Only you can decide what is worth doing.  You can get out now for another TSD school, or stay in and put up a while longer.  You can choose to change to another style.  I would say being able to enjoy where you train is important.

- Ceicei


----------



## pinacolada23x (Jan 25, 2004)

now, i know this is going to sound crazy and all, but, do you think it's crazy for someone to feel like their in love with their karate instructor, when he is 10 years older, like 28 years old. i know someone who feels this way. and she is convinced he is her soulmate. even though he is her instructor and she is his student. she says she feels it in her, a powerful, comfroting feeling. what do you think?


----------



## Touch Of Death (Jan 26, 2004)

> _Originally posted by pinacolada23x _
> *now, i know this is going to sound crazy and all, but, do you think it's crazy for someone to feel like their in love with their karate instructor, when he is 10 years older, like 28 years old. i know someone who feels this way. and she is convinced he is her soulmate. even though he is her instructor and she is his student. she says she feels it in her, a powerful, comfroting feeling. what do you think? *


Thats actualy natural. I feel the instructor should resist the temtation of a starstruck female student ten years his junior but it happens and if he makes a habbit of taking advantage of the situation, it sort of makes him a predator. Watch how he handles it and decide if he is on the make for yourself. On the other hand if that lady wants a relationship with her karate instructor, and she is of age, then that is her perogative. Perhaps you like her.

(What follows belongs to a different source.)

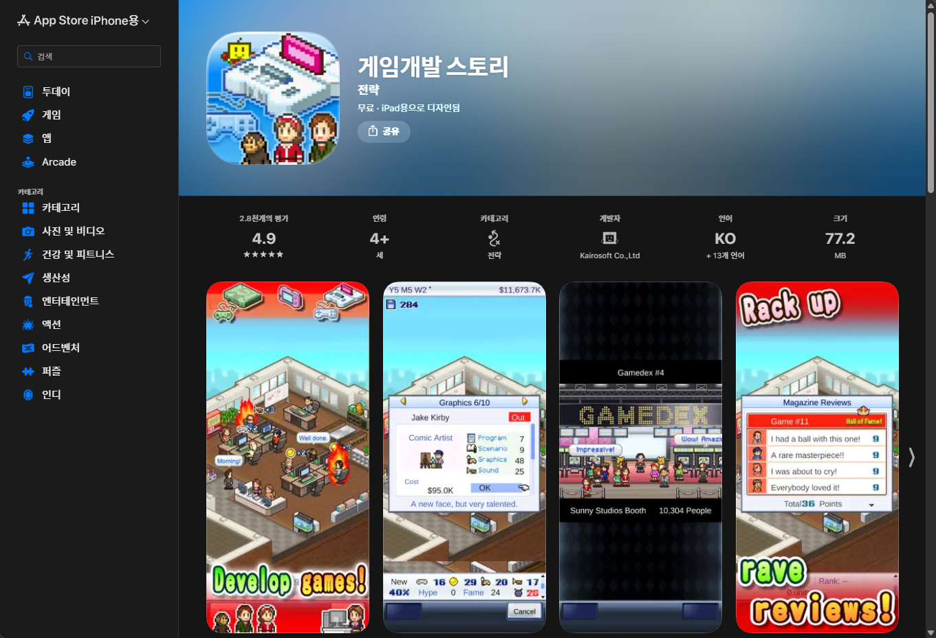 "Game Dev Story (게임개발 스토리)" 애플 앱 스토어 - iOS App Store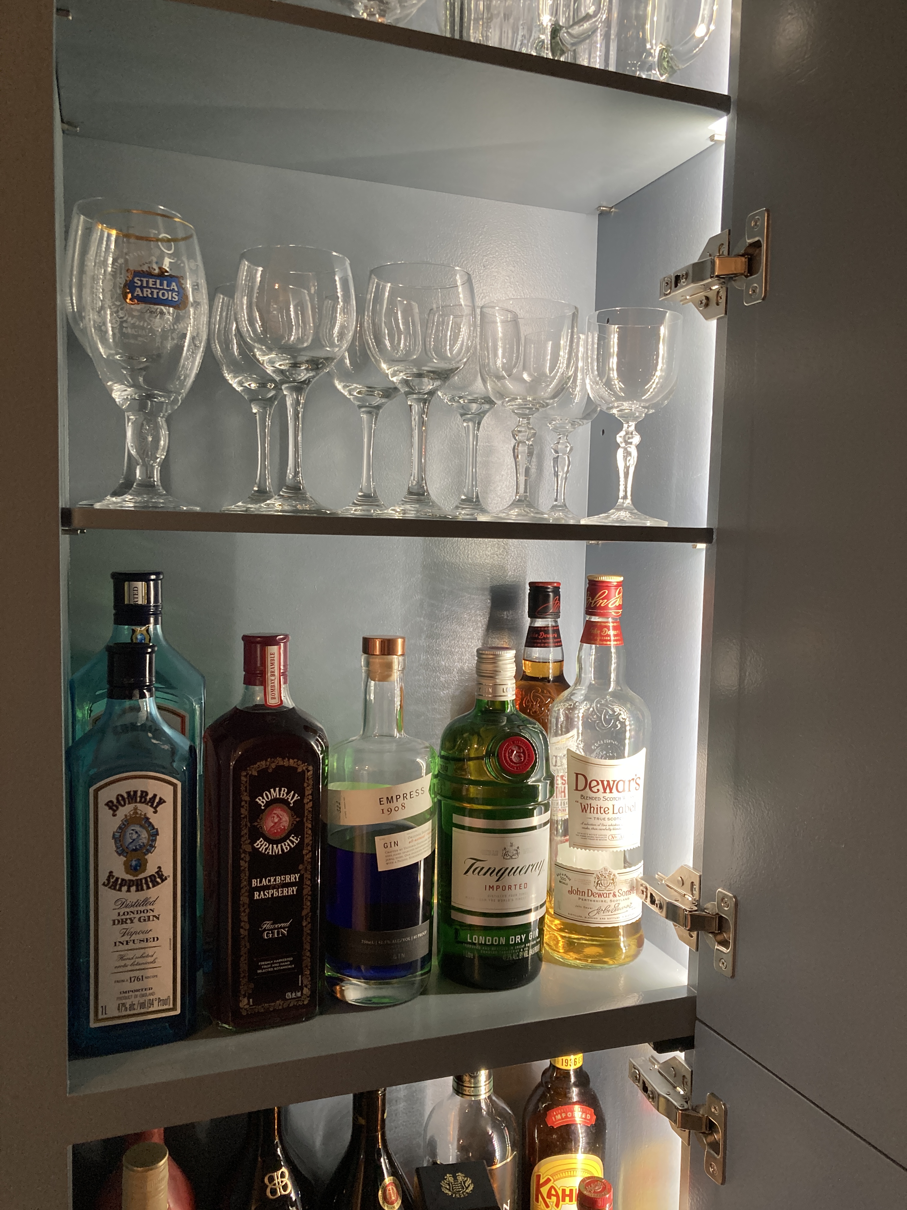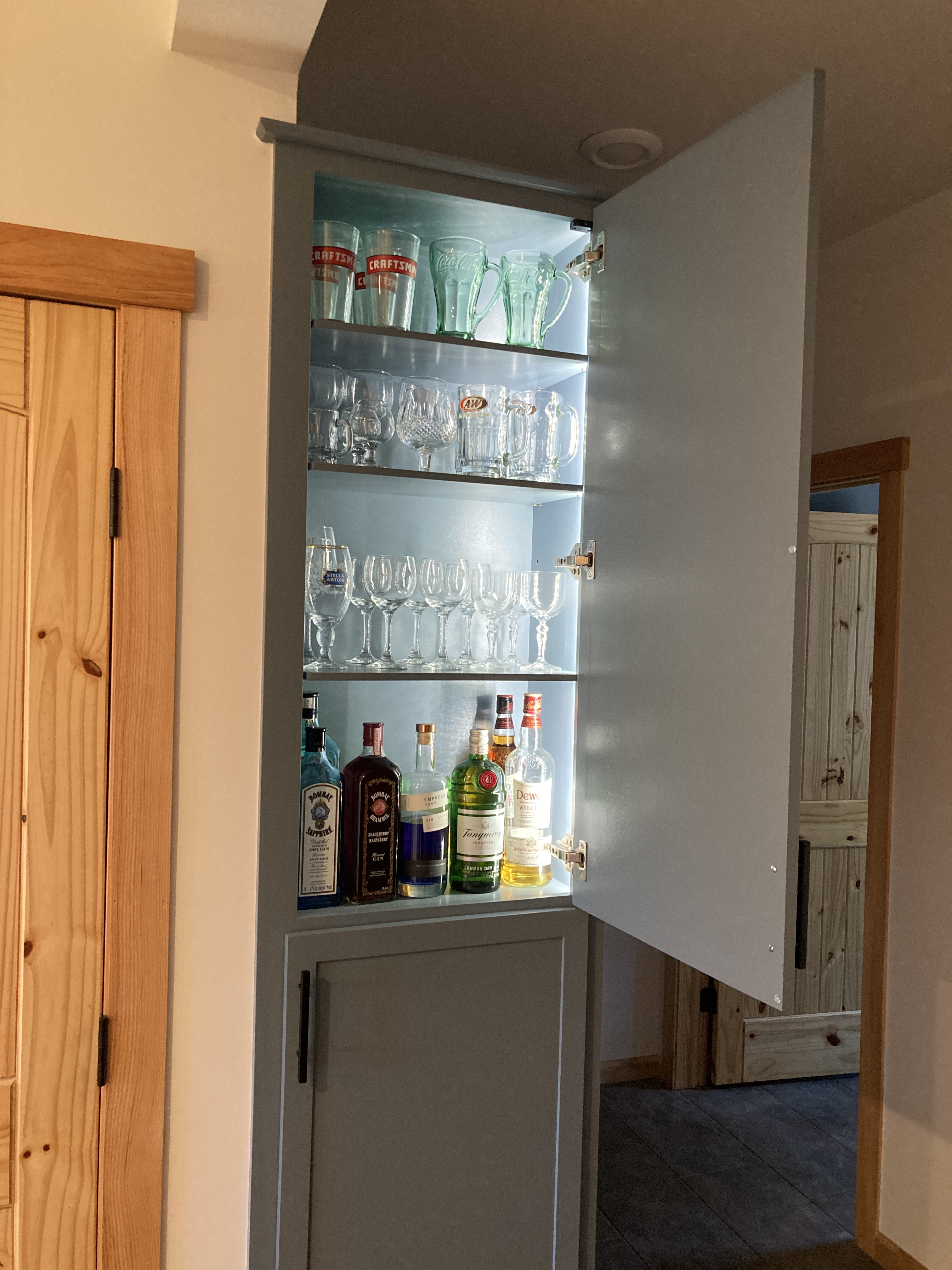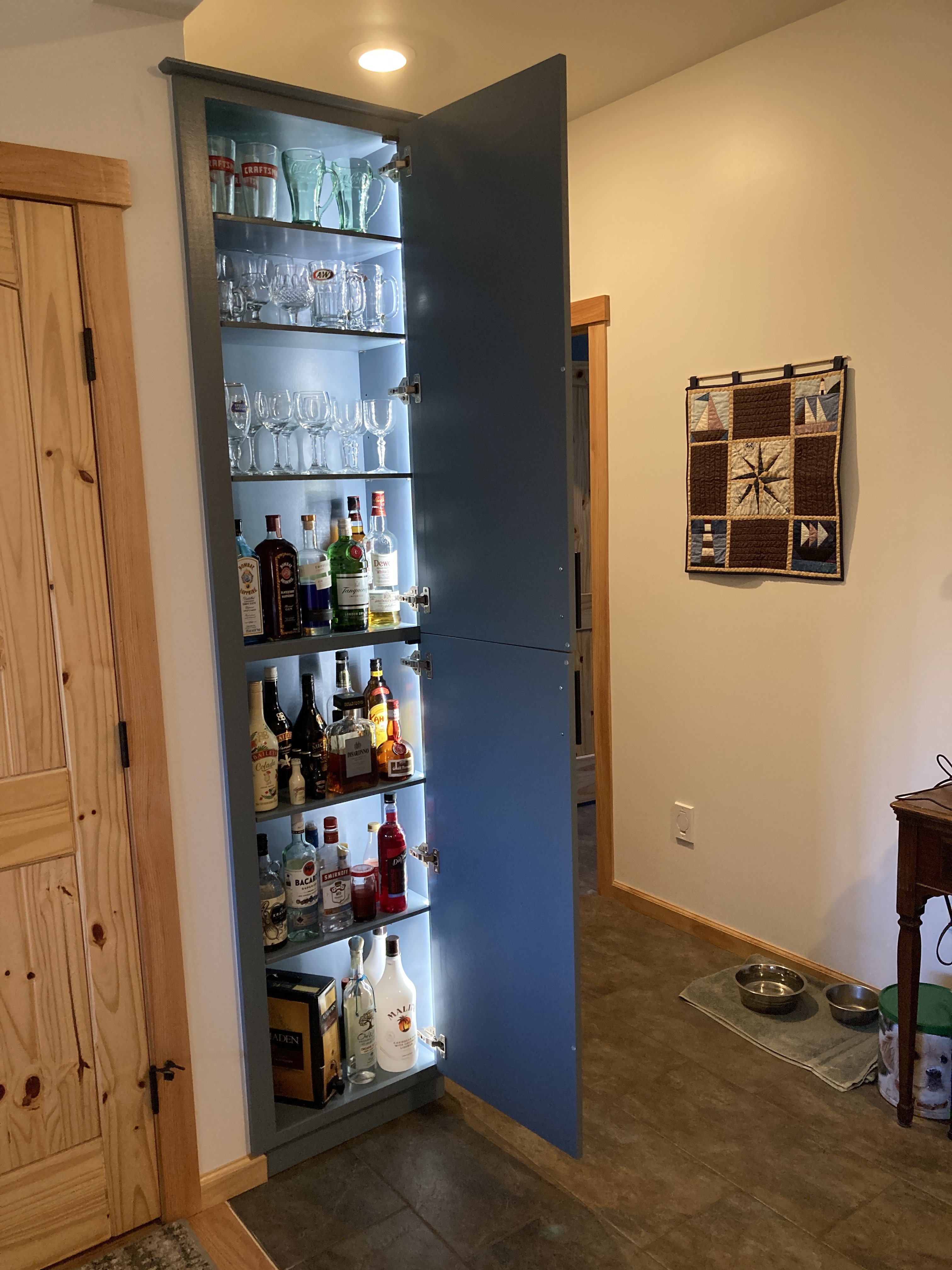 This liquor and glassware cabinet features LED lighting that automatically turns on when either the upper or lower door is opened. Adjustable shelves accommodate different size contents.

As for your original question, you are either right in the way you feel or you are having a hard time accepting criticism. Weigh the positives against the negatives, and make your choice. Take some Kenpo (ha ha)


----------



## Cruentus (Jan 26, 2004)

> _Originally posted by pinacolada23x _
> *.......... what do you think? *



Um...I think that this conversation has gotten a little creepy.


----------



## Ceicei (Jan 26, 2004)

Pinacolada23x,

Let's see what we have here....

You are a female and a high school student.  You have a favorite instructor who is a male, and he is the son of the head instructor.  He also is very nice to you and all the other instructors don't give you any respect.  You've worked with your favorite instructor for the past three years.

This situation does happen, probably more times than is admitted in many martial arts schools.  A good instructor works closely with his or her students.  It's not unusual for a student to really like the instructor because of that closeness and understanding.

Let's take a step back...

I'm not sure if the person you refer to who is in love with the instructor is yourself?  It could be a fellow student?  I may be wrong, but many times when a teenager says "a friend is going thru...." often actually is talking about him/herself.

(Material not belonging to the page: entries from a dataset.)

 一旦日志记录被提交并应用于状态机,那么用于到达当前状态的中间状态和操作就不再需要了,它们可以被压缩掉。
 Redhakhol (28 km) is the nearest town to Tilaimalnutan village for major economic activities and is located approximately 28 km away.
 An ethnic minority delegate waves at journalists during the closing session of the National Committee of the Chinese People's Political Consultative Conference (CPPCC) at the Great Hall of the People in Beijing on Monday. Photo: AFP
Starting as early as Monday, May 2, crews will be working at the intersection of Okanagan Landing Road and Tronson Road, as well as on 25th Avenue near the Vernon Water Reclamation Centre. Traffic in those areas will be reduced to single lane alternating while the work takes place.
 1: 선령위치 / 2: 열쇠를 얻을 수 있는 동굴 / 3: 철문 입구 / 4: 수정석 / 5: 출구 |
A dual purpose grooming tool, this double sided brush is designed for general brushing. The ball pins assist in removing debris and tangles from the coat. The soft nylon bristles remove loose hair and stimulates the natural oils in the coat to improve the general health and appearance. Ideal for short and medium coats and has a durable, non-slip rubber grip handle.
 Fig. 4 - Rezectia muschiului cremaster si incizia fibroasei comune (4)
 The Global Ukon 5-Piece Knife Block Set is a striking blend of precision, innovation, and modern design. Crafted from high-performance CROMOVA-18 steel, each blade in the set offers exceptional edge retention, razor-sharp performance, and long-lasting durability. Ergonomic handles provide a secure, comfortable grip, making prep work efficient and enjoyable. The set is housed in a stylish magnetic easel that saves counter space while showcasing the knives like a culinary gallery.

Ok, let's see...  You are miserable for several reasons. 

One, you aren't enjoying your martial arts because of the other instructors being hard on you.  Two, the other instructors aren't letting you feel like you could enjoy your happy moments.  Three, you stay in that martial arts because you like (and possibly very much like) your instructor.  

If you are the girl who is in love with your instructor:
then Four, you probably feel like you can't have him yourself, even though you would like that to happen.  Five, you are a teenager and still examining what love is and what it all means.  There is a lot more than what you see about love.

If this is what is happening, what can you do about this?

Realize that the relationship between you and your instructor probably won't go anywhere (unless your instructor decides to pursue it, but DON'T count on it.  Many twenty-something instructors do enjoy being around younger students just because it is fun and reminds them of their youth).  If possible, keep your friendship with your instructor as just that, a friendship.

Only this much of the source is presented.